#### [Assignment]
Every line below that has "from" in it should be copied.
════════════════════
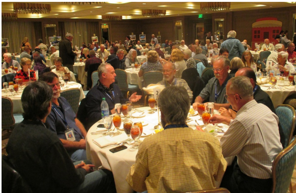
It was a very pleasant dinner, beautiful surroundings and excellent service.
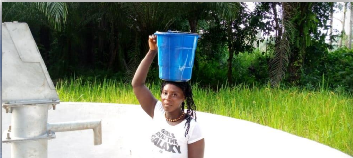
Figure 9 community people accessing newly constructed hand dug well for clean and safe drinking water
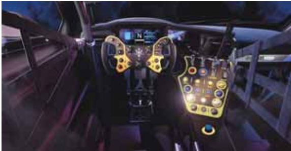
The Maserati GT2 is "speed, elegance, style and innovation incarnate".

Much attention has been given to the development of the correct balance of the aerodynamic load, whereas the bottom has been developed specifically to work best in synergy with the front splitter and rear wing (adjustable) – it has quick-release removable bodywork for optimised component replacement, and the chassis features high
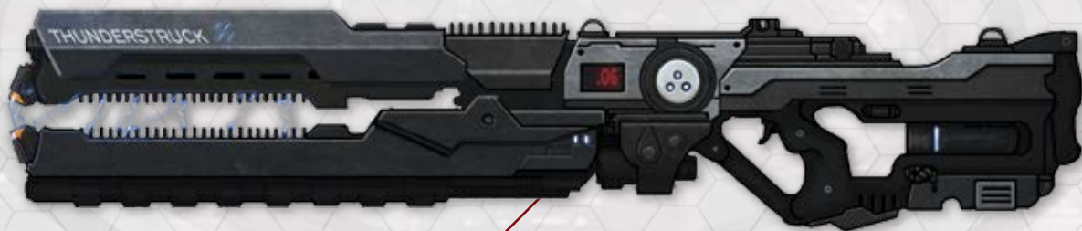
ARES THUNDERSTRUCK GAUSS RIFLE

The Thunderstruck uses both ammunition and energy for each round fired. Power is supplied by peak-discharge battery packs and consumes 1 power unit per shot. The Thunderstruck can hold one power clip or draw its energy from an external source such as a satchel power pack, power backpack, or vehicle power if mounted.
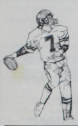
1988 VALLEY HIGH SCHOOL
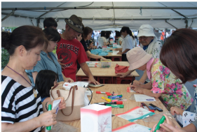
2014.8.1 Memorial program The 51st Katsuragi Floating Lanterns - Connecting The Memorial Lights With The Future The number of visitors was 3,100 an increase of approximately 120% from 2,600 last year.
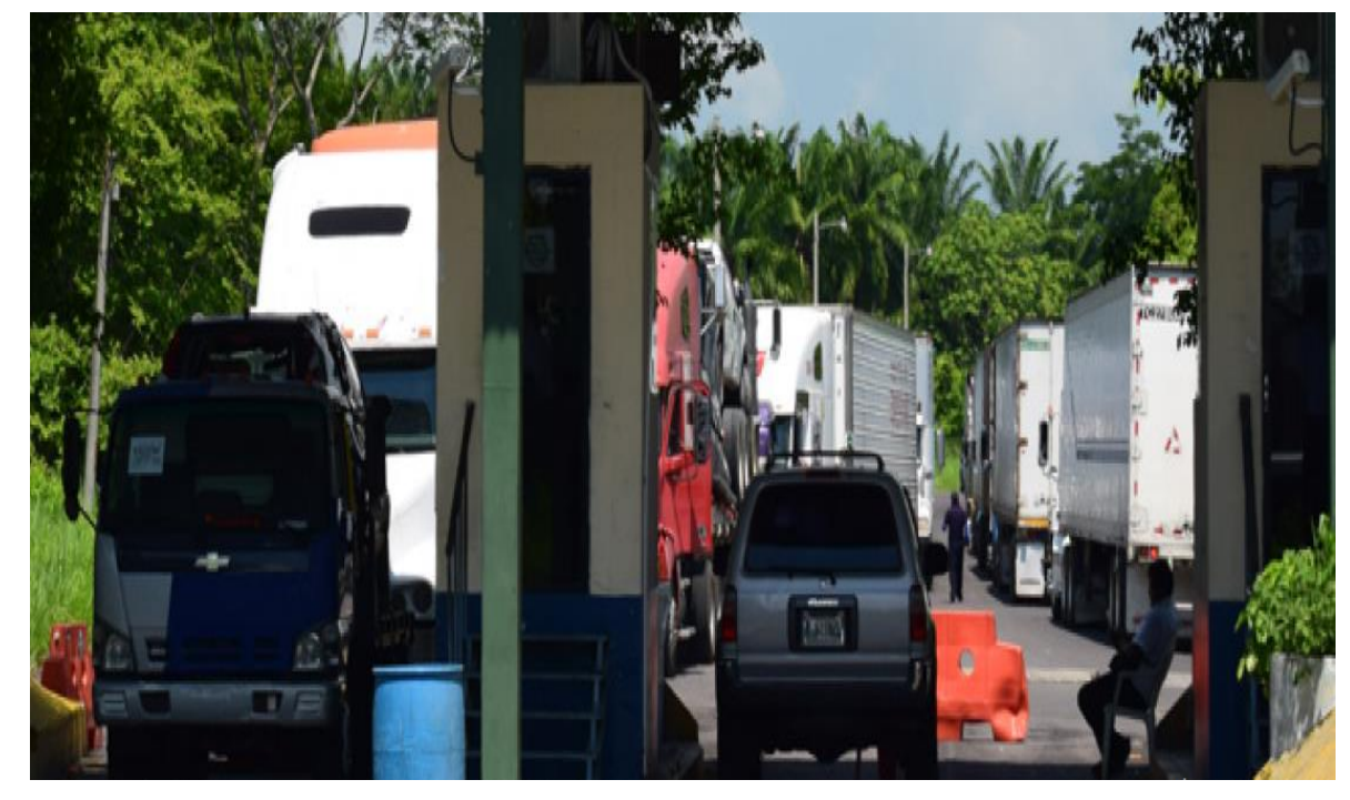
Long delays at check points
════════════════════
#### [Answer area]
The Thunderstruck uses both ammunition and energy for each round fired. Power is supplied by peak-discharge battery packs and consumes 1 power unit per shot. The Thunderstruck can hold one power clip or draw its energy from an external source such as a satchel power pack, power backpack, or vehicle power if mounted.
2014.8.1 Memorial program The 51st Katsuragi Floating Lanterns - Connecting The Memorial Lights With The Future The number of visitors was 3,100 an increase of approximately 120% from 2,600 last year.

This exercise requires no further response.